How to talk to-

As the last three weeks of spring term peter away in a haze of blurry Greek symbols, stale, thrice-microwaved Meetro lattes and crumpled GPC butts, I thought to take a more serious, academic turn in my columns. Establish a resonance of rigor. An interlocking network of intellectual meanderings which, when seen as a coherent whole, will dazzle and amaze you with their unity and craft. Think: unified field theory of political analysis. Hey, what else would you expect from a guy who spends his free hours researching naughty etymology?

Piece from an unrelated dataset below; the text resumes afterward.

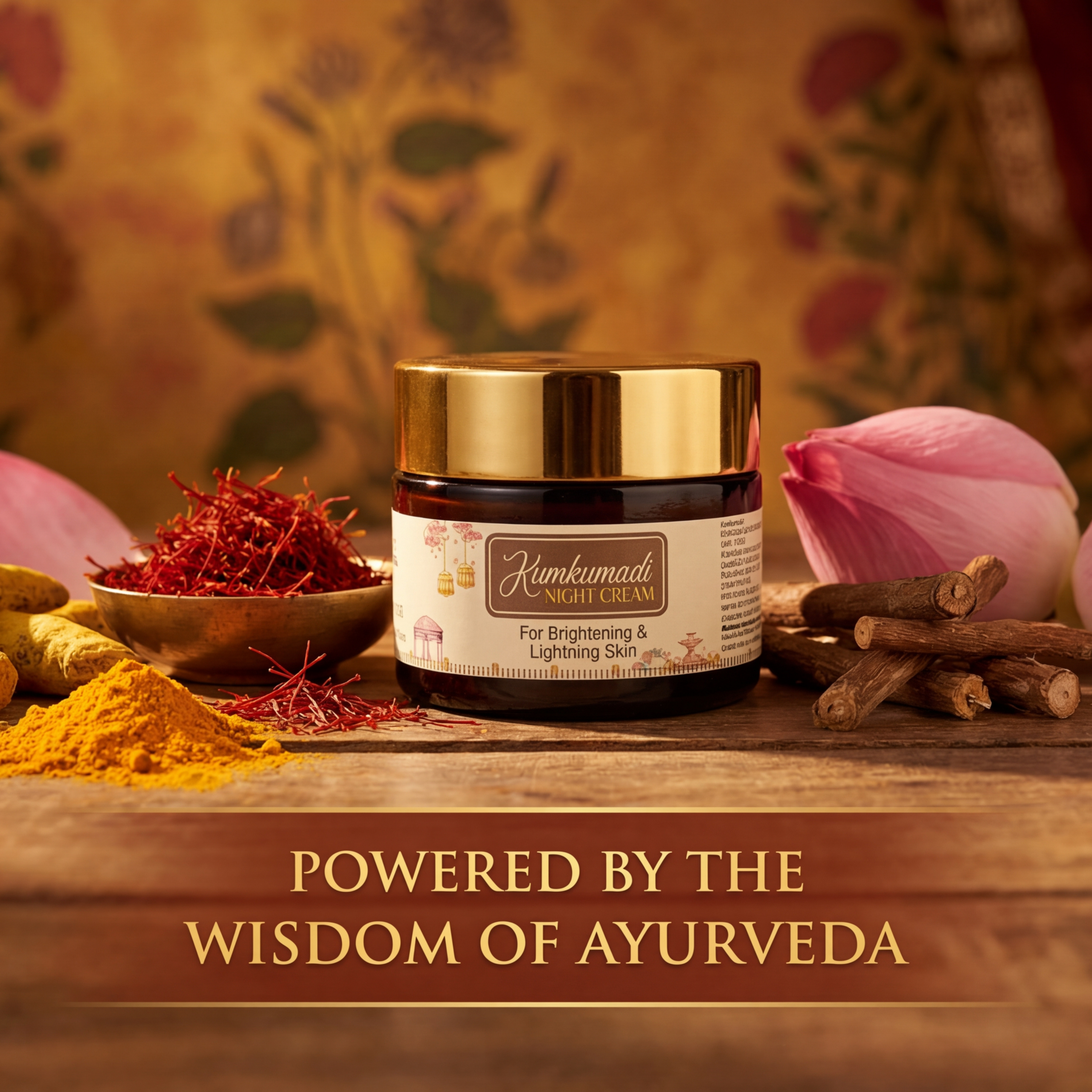 The key ingredient, Kumkumadi (Saffron), has been used in Ayurveda for centuries to improve complexion, reduce pigmentation, and enhance skin radiance. Combined with natural botanicals such as Aloe Vera and herbal extracts, this cream deeply hydrates the skin while promoting cell renewal during the night.

So here’s the first of a few columns examining the history of the two major American parties, and whichever insane crackpot ones, like the American Communist Party, the Green Party, or the Libertarians, that tickle my fancy. I’ll also be developing the edges of a working lexicon with which to communicate with these strange, hive-minded creatures.

How could we not begin with our illustrious leaders, the wise, constant, responsible, patriotic men and women of the Grand Old Party, the Republicans? One must give greatness its due, after all.

The genesis of the party came on Feb. 28, 1854, in Ripon, Wis., when a group of abolitionist Free Soilers, Democrats and Whigs met to discuss their problems with the expansion of slavery into the Western territories in the wake of the Kansas-Nebraska Act passed that year. Claiming to be the political descendants of Thomas Jefferson’s Democratic-Republican Party, they formally named themselves the Republicans at a state convention in Jackson, Mich., on July 6, 1854. In Senate elections that year the Republicans showed early glimmers of their political brilliance, winning 44 seats. The first Republican National Convention was in 1856, when Sen. John C. Fremont was chosen to be their presidential candidate. Fremont lost to Democrat James Buchanan, but they got it right the next time, nominating a pretty famous guy who happens to have been born on my birthday, Abraham Lincoln.

Since then the Republicans went south, literally as well as figuratively, first installing a race of half-human beasts, the Dixiecrats, to wrest the erstwhile Confederacy from the hands of the Democrats, then eventually choosing Garth Brooks and Billy Ray Cyrus to run as president and vice-president for the 1998 elections. OK, I made that part up, but aren’t you sick of the history part? I am! So, onward, then, to our deadly important, Colbertian work: the beginnings of a new encyclopedic dictionary of the American political landscape.

 

Patriot

In earlier editions of this text, “patriot” and “American” were listed as synonyms, but subsequent research has shown that, technically, one needn’t support the president to be an “American,” causing the definition to shift somewhat. A “patriot” is an American who gives his or her unquestioning loyalty to our governmental leaders, provided they be Republican. To question the will and/or actions of a Republican president labels one a “traitor” or a “fucking commie,” according to regional variation.

 

Approval rating

This is a numerical analysis given in reverse proportion to the degree to which a given leader’s views, maneuvers, and strategy are misunderstood, or, conversely, understood by cognizant members of economically germane segments of the adult female homosexual pederast Nazi underbelly, and/or residents of Multnomah, Lane, Los Angeles, San Francisco and Santa Barbara counties. In short: it don’t mean shit, so ignore it.

 

Enemy combatant

Much like pornography, nearly indefinable. To paraphrase the words of some great Supreme Court leader or other, show ’em to me, and I’ll tell you if they’re enemy combatants or not. One alternate definition: anyone not a member of the U.S. Armed Forces compelled to live in sunny Guantanamo Bay, Cuba. Another definition has it synonymous with “hippie.”

 

Geneva Conventions

Too quaint to define. Moving on-

 

Journalism

The celebration, in elegant literary form, of the successes and triumphs of a given Republican leader. Also includes coverage of Nashville jingo-pop country, feel-good stories from Iraq and Afghanistan, and detailed NASCAR analysis. Anything involving criticism of the government, soccer or France, is, technically, “sensationalism.”